Data are presented as the mean ± SEM. *p < 0.05. See also Figure S6 and Table S1.

Discussion

A growing body of literature supports the paradigm that NK cells in mice, primates, and humans undergo antigen-specific responses to viral pathogens (Adams et al., 2016). Adaptive NK cell responses include the prolific expansion and memory formation of virus-specific NK cell subsets (Sun et al., 2009), yet the transcriptional control of these processes is poorly understood. Here, we have revealed that the transcription factor IRF8 is dynamically regulated in antigen-specific NK cells during viral infection and is essential for NK cell-mediated immunity against MCMV. In contrast to its canonical regulation throughout the immune system by IFN-γ (Driggers et al., 1990), we herein describe that the proinflammatory cytokine IL-12 and the activating receptor Ly49H represent the critical signals for maximal IRF8 upregulation in NK cells early during MCMV infection. Given that IL-12, but not IFN-γ, is required for MCMV-driven NK cell expansion (Sun et al., 2012), IL-12-dependent regulation uniquely positions IRF8 to exert a functional role over antiviral NK cell responses.

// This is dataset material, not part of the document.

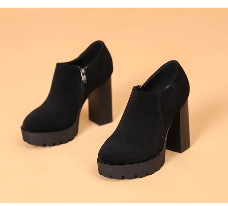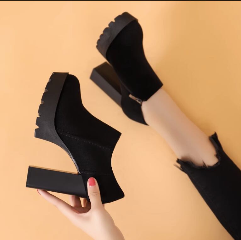 レディースブーツの上品で個性的な存在感!10cmの太ヒールが大人可愛い、大人なカジュアルスタイルを演出します。20代から30代のレディースにおすすめな、かわいいショートブーツでデートやお出かけなど、様々なコーディネートを楽しめます。シンプルな無

Notably, Irf8−/− mice have greater viral susceptibility than do NK-Irf8−/− mice. Several studies have delineated a role for IRF8 in the development of monocytes, pDCs, and cDC1s, which are all affected in Irf8−/− mice (Aliberti et al., 2003; Schiavoni et al., 2002). Loss of IRF8-dependent CD8α+ cDC1s in Irf8−/− mice has been demonstrated to impair IL-12 production in a variety of pathogen models (Giese et al., 1997; Scharton-Kersten et al., 1997). During early MCMV infection, IRF8-dependent cDC1s are the major producer of IL-12 (Weizman et al., 2017), and IL-12 signaling is critical for programming adaptive NK cell responses to MCMV infection (Sun et al., 2012). Thus, the striking mortality of Irf8−/− mice during MCMV infection is likely a combination of both cell-extrinsic (impaired NK cell priming due to low systemic IL-12 in the absence of cDC1s) and cell-intrinsic (impaired IRF8-dependent NK cell proliferative burst) functions for IRF8.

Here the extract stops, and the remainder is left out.